→ **AVAILABLE DATA**
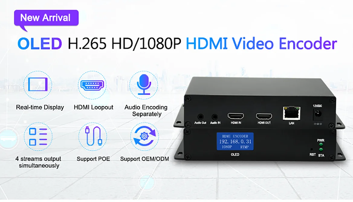 OTV-EL1 H.264 H.265 потоковый кодировщик IPTV является нашим профессиональным HD аудио и видео кодирующим устройством с мощным функционалом. Он оснащен 1 ch HDMI и аудио входом и выходом 1ch HDMI, поддерживающим формат кодирования H.265 и H.264 и двумя потоковыми выходами видео, которые передаются через SRT, HTTP, RTSP, UDP /RTP, RTMP, RTMPS, ONVIF, HLS, FLV. Максимальное разрешение HDMI составляет 1080p @ 60 кадров в секунду, а разрешение выходного потока может достигать 1080p @ 60 кадров в секунду для основного направления, 720 @ 60 кадров в секунду для основного и второго потока и т. Д.,
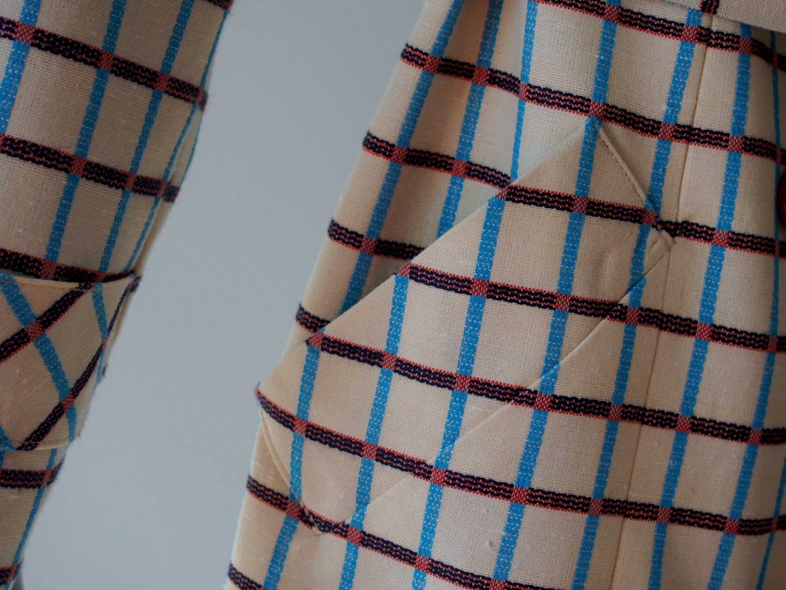 Povedala by som, že už tradične som si vybrala namiesto klasickej podšívky satén. Mám rada výrazné a kontrastné podšívky. Satén sme použili aj v béžovom zimnom kabáte, jantárovom a aj vo fialovom 🙂 Vybrala som si tyrkysový poriadne výrazný satén, ktorý ale pekne ladil s pásikom na látke. Všetko bolo kúpené a mohli sme sa pustiť do šitia resp. mama sa mohla pustiť. Ako si môžete všimnúť kabát má veľa zaujímavých detailov. Kocky sme sa rozhodli nechať rovné, ale na pravom pleci sme látku otočili a vytvorili šikmý vzor. To isté aj na detaily na rukáve. S čím sa mama naozaj pohrala sú vrecká. Pozrite tie dokonale napasované čiary … fakt umenie 🙂 Na prvý pohľad si ani nevšimnete, že sú tam vrecká. Pásik sme pripevnili na dve pútka a na kabát doplnili gombíky v pomarančovočervenom odtieni, ktoré dokonale ladia s farbou malinkej kocky na vzore látke 🙂 Pozrite tie detaily 🙂
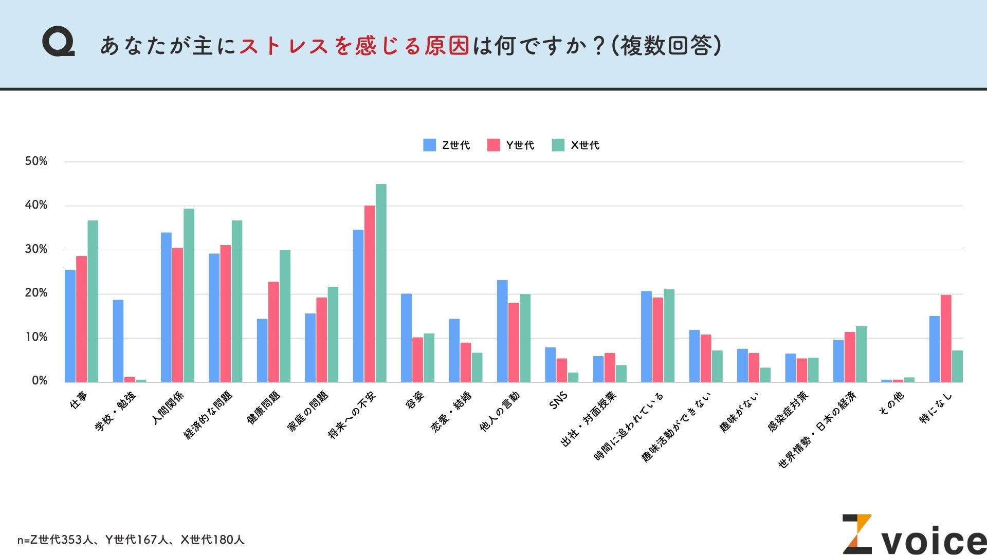 その結果、全世代でもっとも多かったのは「将来への不安」で、Z世代で34.6%、Y世代で40.1%、X世代で45.0%と、年齢を重ねるごとにストレスが増す様子がうかがえます。また、世代ごとで多少順位の前後はあるものの「人間関係」「経済的な問題」が2番目・3番目に多い回答となりました。
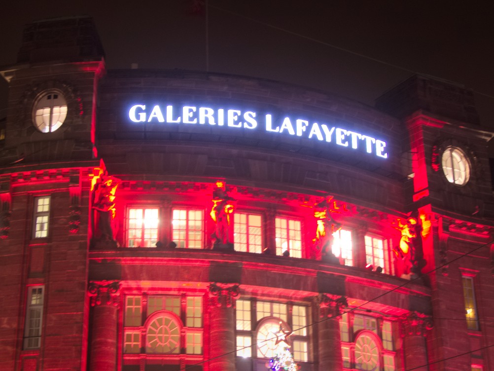 On continue avec la place Kléber, avec la statue du général et l'Aubette illuminée en rouge.

→ **YOUR OBJECTIVE**
Could you print the listing above word for word, without its pictures?

→ **COMPLETED EXERCISE**
 OTV-EL1 H.264 H.265 потоковый кодировщик IPTV является нашим профессиональным HD аудио и видео кодирующим устройством с мощным функционалом. Он оснащен 1 ch HDMI и аудио входом и выходом 1ch HDMI, поддерживающим формат кодирования H.265 и H.264 и двумя потоковыми выходами видео, которые передаются через SRT, HTTP, RTSP, UDP /RTP, RTMP, RTMPS, ONVIF, HLS, FLV. Максимальное разрешение HDMI составляет 1080p @ 60 кадров в секунду, а разрешение выходного потока может достигать 1080p @ 60 кадров в секунду для основного направления, 720 @ 60 кадров в секунду для основного и второго потока и т. Д.,
 Povedala by som, že už tradične som si vybrala namiesto klasickej podšívky satén. Mám rada výrazné a kontrastné podšívky. Satén sme použili aj v béžovom zimnom kabáte, jantárovom a aj vo fialovom 🙂 Vybrala som si tyrkysový poriadne výrazný satén, ktorý ale pekne ladil s pásikom na látke. Všetko bolo kúpené a mohli sme sa pustiť do šitia resp. mama sa mohla pustiť. Ako si môžete všimnúť kabát má veľa zaujímavých detailov. Kocky sme sa rozhodli nechať rovné, ale na pravom pleci sme látku otočili a vytvorili šikmý vzor. To isté aj na detaily na rukáve. S čím sa mama naozaj pohrala sú vrecká. Pozrite tie dokonale napasované čiary … fakt umenie 🙂 Na prvý pohľad si ani nevšimnete, že sú tam vrecká. Pásik sme pripevnili na dve pútka a na kabát doplnili gombíky v pomarančovočervenom odtieni, ktoré dokonale ladia s farbou malinkej kocky na vzore látke 🙂 Pozrite tie detaily 🙂
 その結果、全世代でもっとも多かったのは「将来への不安」で、Z世代で34.6%、Y世代で40.1%、X世代で45.0%と、年齢を重ねるごとにストレスが増す様子がうかがえます。また、世代ごとで多少順位の前後はあるものの「人間関係」「経済的な問題」が2番目・3番目に多い回答となりました。
 On continue avec la place Kléber, avec la statue du général et l'Aubette illuminée en rouge.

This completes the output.